I let Collin lead us out of the aisle, and although I kept my head down, I couldn’t stop my eyes from peeking up to look around the front of the store for Knox. A faint sigh of relief escaped my lips when I only saw a few women in the brief glance I’d allowed myself, but soon died when I felt that familiar energy. It took all my strength not to turn around. No matter how much I wanted one more glimpse of him, I knew I couldn’t while I was standing next to Collin. Not only would my husband notice, but it would kill me to see that same look of betrayal and pain that Knox had worn the night of the fund-raiser when he’d watched me with a man he hated.

Keeping my eyes trained to the floor, I held my body stiff and once again forced myself to walk away from where I’d left my heart.

Knox

Present Day—Richland

MY BODY TENSED as I watched them walk out of the aisle a couple of minutes later. A growl came from low in my chest as her husband wrapped his arm around her waist, and without giving myself a second to think about what I was going to do, I took three steps in their direction before a strong hand came down on my shoulder to stop me.

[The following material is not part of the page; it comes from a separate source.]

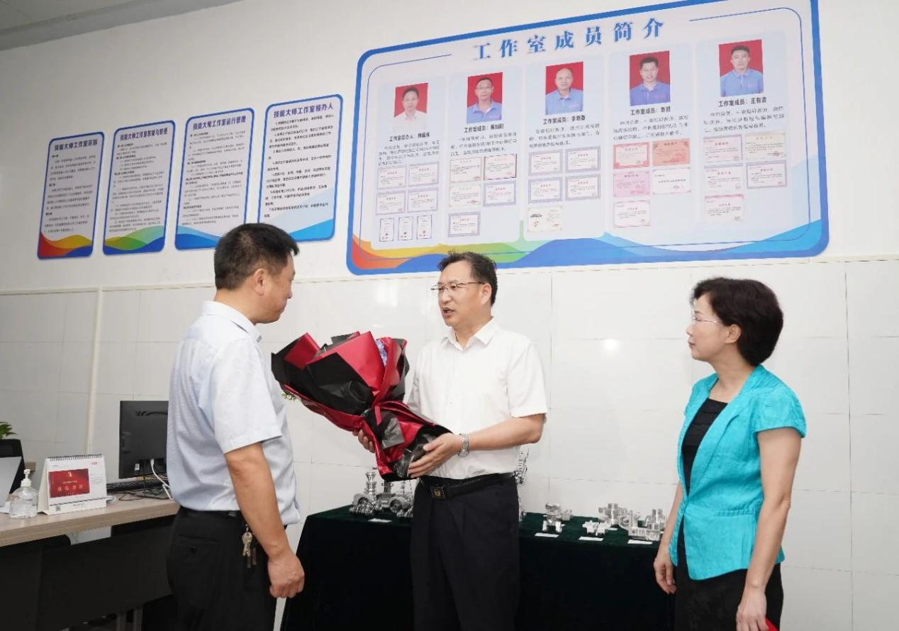 郑光泉书记一行首先参观了省数控加工技能大师工作室,并为教师代表帅国勇赠花和慰问金,鼓励帅国勇带领团队勇攀高峰、争创一流。并同现场实训学生亲切交谈,了解他们的学习、生活情况。

I jerked to a stop and my head whipped to the side to glare at whoever had stopped me, and found Pete laughing so hard, no sound was coming out. I started to step away from him, but those few moments were what I’d needed in order to breathe and remember what could happen to Harlow if I were to try to approach her in front of her husband.

I forced my body to relax—a process that took longer than it should have—and plastered a smile as I turned to look at the other guys, who were laughing as hard as Pete was. I was just glad they hadn’t seen Harlow with her husband; I didn’t need that shit from them. “What did I miss?”

Everyone sobered up when distinct tones went off on our radios, followed by a dispatcher’s voice calling out which engines, ladders, and battalions were needed to go out to a structure fire. Before the dispatcher had even finished, we were already hurrying to the front of the store. The rest of the guys ran toward the truck, but Pete and I went to leave the cart containing bags of the vegetables and fruits we had managed to grab in the short time we’d been in there with an employee.

As we turned to head out, I caught a glimpse of Harlow walking toward the checkout lanes. Her face was filled with pain—not the kind I would expect when she was near her husband, but a kind I knew and felt deep. Pain because we were so close, but there was still so much separating us. Pain because we’d lost years, and didn’t know if we’d ever be able to make them up. Pain because I had always loved her, and knew she still loved me, and even after seven years, she was still technically untouchable.

Chapter 14

Harlow

Present Day—Richland

FLIP EGGS; DON’T burn the eggs. Flip eggs; don’t burn the eggs—they have to be perfect. Flip eggs; then grab the toast. Coffee . . . coffee comes last, I chanted ceaselessly to myself two days later. It was the only way to keep myself composed at that moment.

I slid the spatula under the edge of one of Collin’s eggs, and after checking the bottom of it, flipped it over, then did the same with the other. Don’t leave them long; they need to be perfect. Put away the bread. Grab the toast and butter it, then check the eggs again. I took a step away from the stove and reached for the loaf of bread, but my hand stilled on it when I finally noticed the unpleasant feeling moving through my veins. He’d come in silently, but I knew he was there.